Leaving out all pictures, give again each line exactly, from the start of the listing through the line that contains "还有B站影视剪辑区已经出了几".

» Provided material
"""
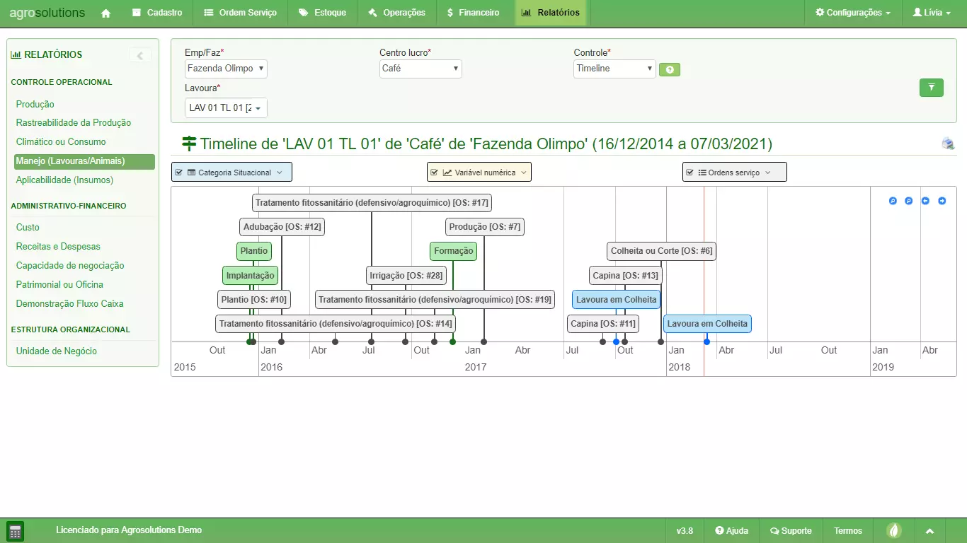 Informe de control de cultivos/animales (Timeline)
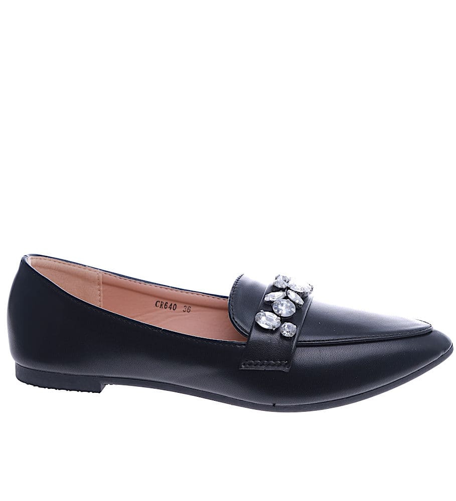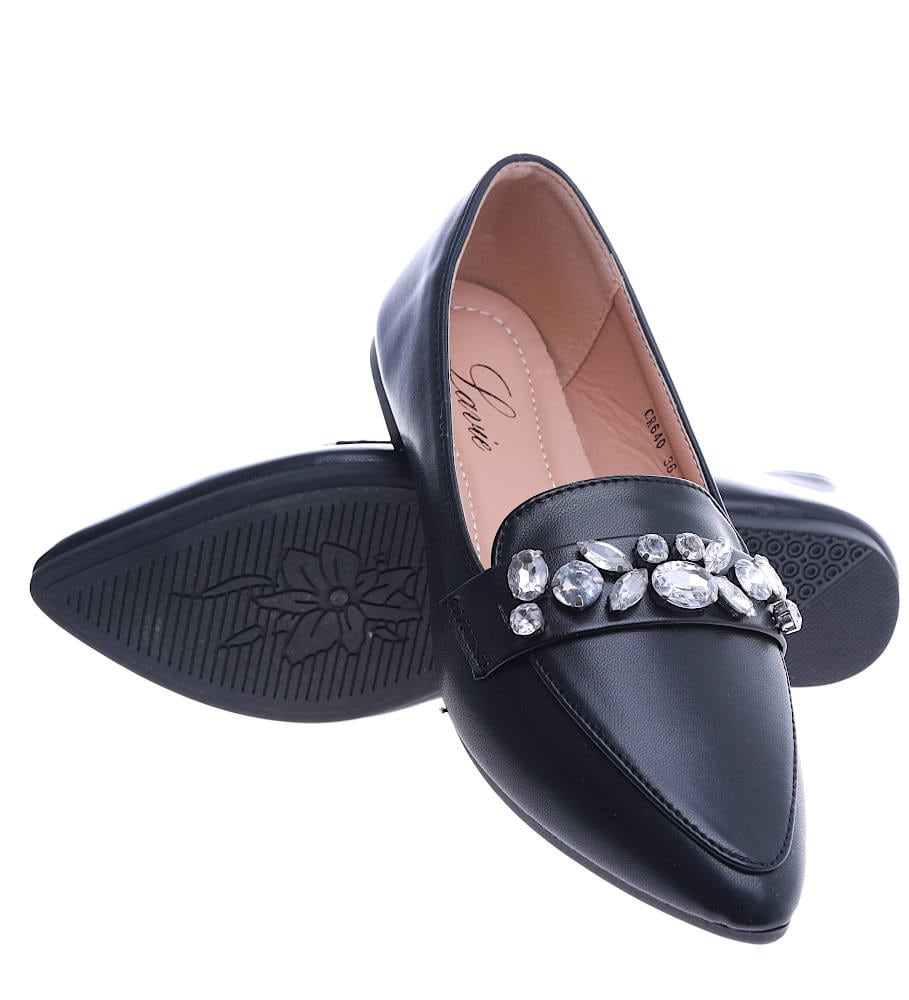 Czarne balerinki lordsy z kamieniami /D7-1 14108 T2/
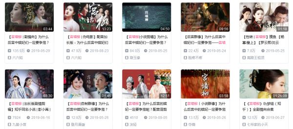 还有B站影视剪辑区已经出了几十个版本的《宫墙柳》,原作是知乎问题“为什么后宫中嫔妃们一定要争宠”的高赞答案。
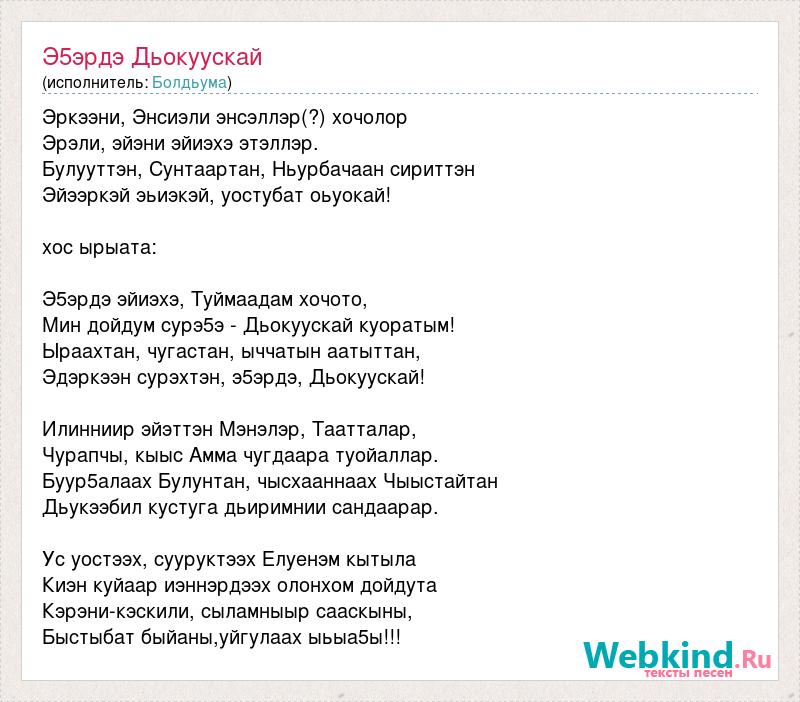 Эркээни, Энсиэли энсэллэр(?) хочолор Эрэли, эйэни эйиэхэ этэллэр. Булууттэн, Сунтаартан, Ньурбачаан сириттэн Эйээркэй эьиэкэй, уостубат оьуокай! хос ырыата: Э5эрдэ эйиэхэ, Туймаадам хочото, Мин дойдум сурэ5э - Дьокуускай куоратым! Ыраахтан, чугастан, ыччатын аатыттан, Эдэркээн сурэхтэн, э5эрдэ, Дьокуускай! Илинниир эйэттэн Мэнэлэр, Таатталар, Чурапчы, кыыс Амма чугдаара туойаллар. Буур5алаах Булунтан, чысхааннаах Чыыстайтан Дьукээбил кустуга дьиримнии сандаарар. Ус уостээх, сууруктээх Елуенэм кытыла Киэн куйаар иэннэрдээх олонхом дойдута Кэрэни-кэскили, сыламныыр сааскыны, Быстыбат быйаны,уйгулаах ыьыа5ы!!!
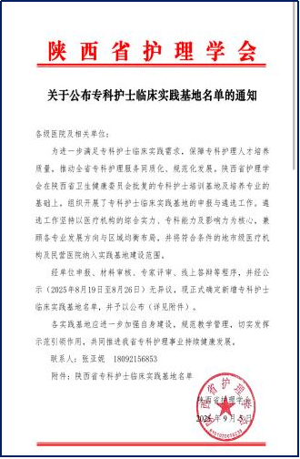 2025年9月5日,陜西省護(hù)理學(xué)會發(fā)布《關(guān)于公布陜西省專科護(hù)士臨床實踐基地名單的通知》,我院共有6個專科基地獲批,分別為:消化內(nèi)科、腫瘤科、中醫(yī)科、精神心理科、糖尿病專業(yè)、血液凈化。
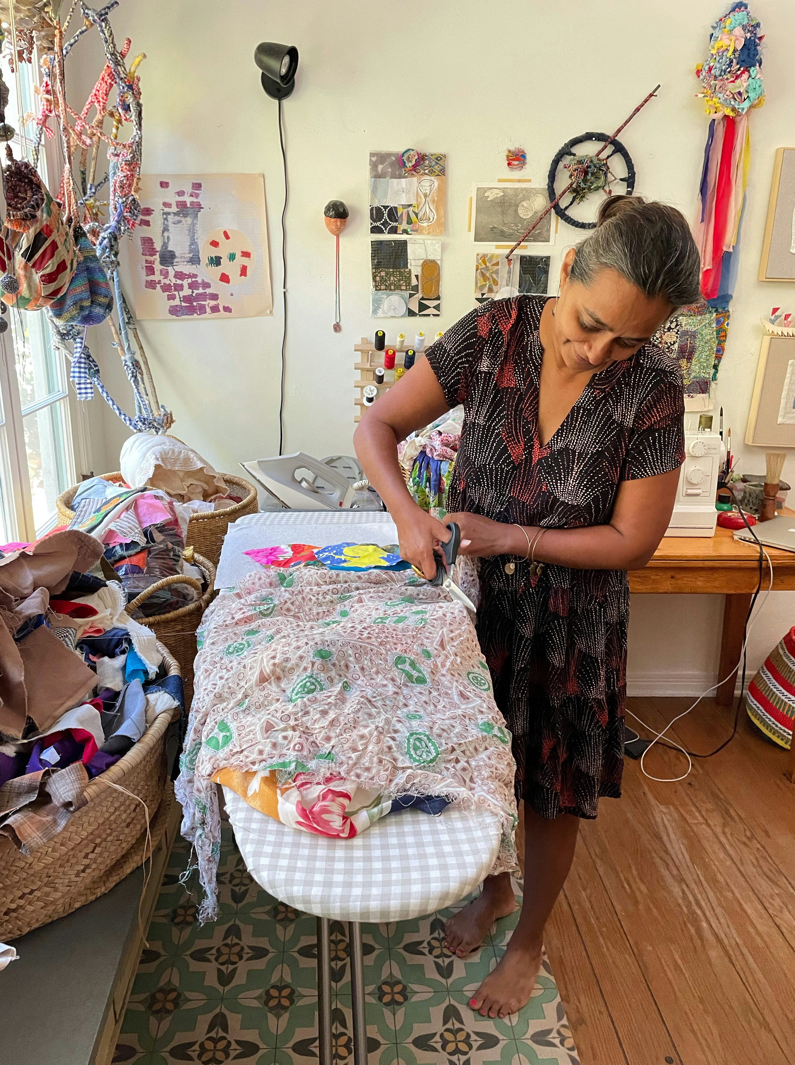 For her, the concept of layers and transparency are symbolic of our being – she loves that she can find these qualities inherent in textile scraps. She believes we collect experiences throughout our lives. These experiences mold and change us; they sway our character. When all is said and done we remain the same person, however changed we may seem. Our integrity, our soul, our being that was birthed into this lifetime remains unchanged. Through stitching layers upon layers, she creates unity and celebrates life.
"""
» Answer to this problem
 Informe de control de cultivos/animales (Timeline)
 Czarne balerinki lordsy z kamieniami /D7-1 14108 T2/
 还有B站影视剪辑区已经出了几十个版本的《宫墙柳》,原作是知乎问题“为什么后宫中嫔妃们一定要争宠”的高赞答案。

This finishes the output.